=== Supplied records ===
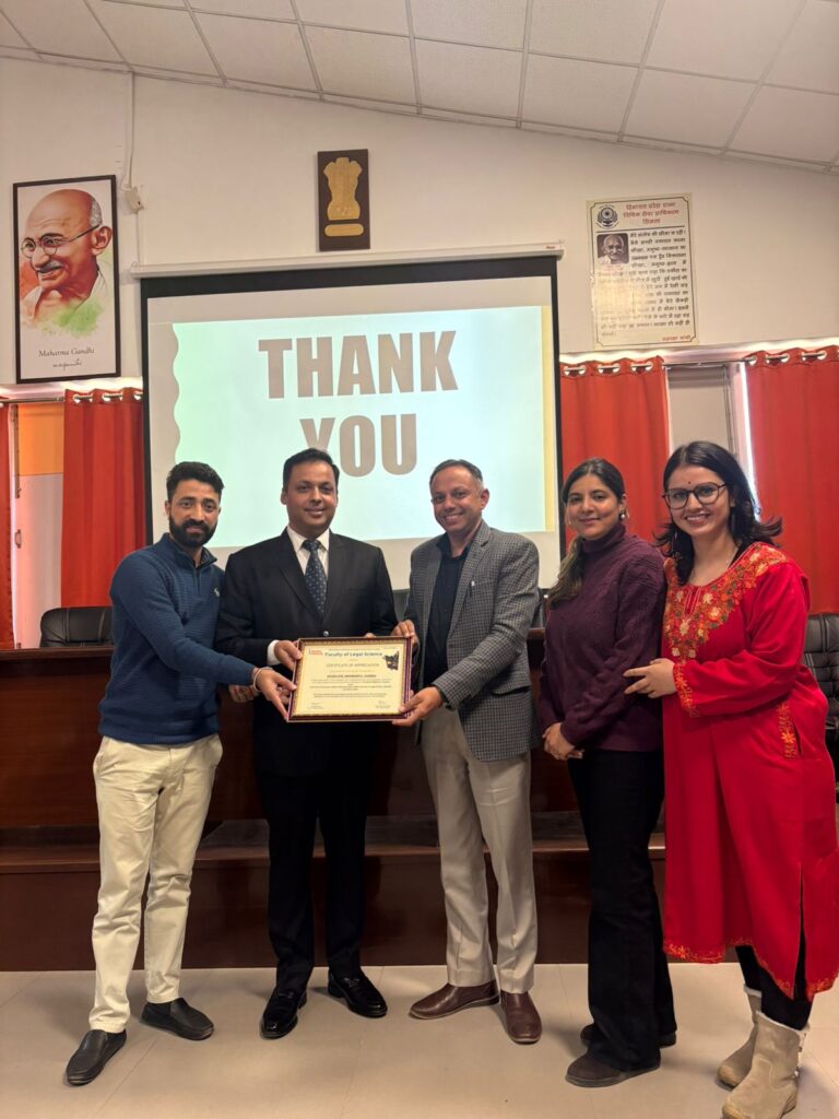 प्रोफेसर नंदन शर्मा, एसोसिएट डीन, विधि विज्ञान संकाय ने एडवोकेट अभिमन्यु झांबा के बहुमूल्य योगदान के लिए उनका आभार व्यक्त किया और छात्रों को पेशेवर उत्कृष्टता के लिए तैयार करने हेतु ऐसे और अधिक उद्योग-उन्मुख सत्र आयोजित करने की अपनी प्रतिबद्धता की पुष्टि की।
==
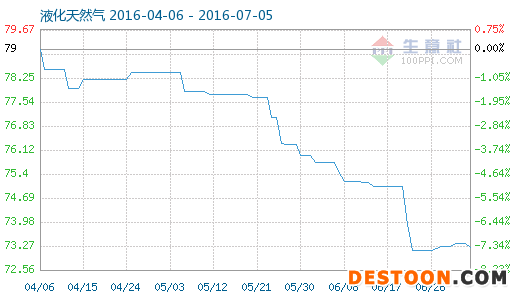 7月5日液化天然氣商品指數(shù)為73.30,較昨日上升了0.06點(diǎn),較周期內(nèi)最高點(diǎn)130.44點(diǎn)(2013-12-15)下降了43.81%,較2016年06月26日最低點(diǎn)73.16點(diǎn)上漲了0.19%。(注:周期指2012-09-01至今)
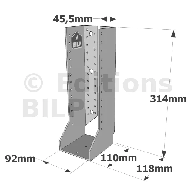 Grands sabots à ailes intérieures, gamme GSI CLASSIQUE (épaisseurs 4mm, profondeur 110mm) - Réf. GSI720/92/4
---
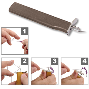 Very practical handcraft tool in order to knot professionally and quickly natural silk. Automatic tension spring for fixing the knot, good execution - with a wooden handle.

=== Instructions to follow ===
Reproduce the listing above exactly from the line containing "7月5日液化天然氣商品指數(shù)為7" up to and including the line containing "Grands sabots à", omitting any images and everything outside those lines.

=== Exercise answer ===
 7月5日液化天然氣商品指數(shù)為73.30,較昨日上升了0.06點(diǎn),較周期內(nèi)最高點(diǎn)130.44點(diǎn)(2013-12-15)下降了43.81%,較2016年06月26日最低點(diǎn)73.16點(diǎn)上漲了0.19%。(注:周期指2012-09-01至今)
 Grands sabots à ailes intérieures, gamme GSI CLASSIQUE (épaisseurs 4mm, profondeur 110mm) - Réf. GSI720/92/4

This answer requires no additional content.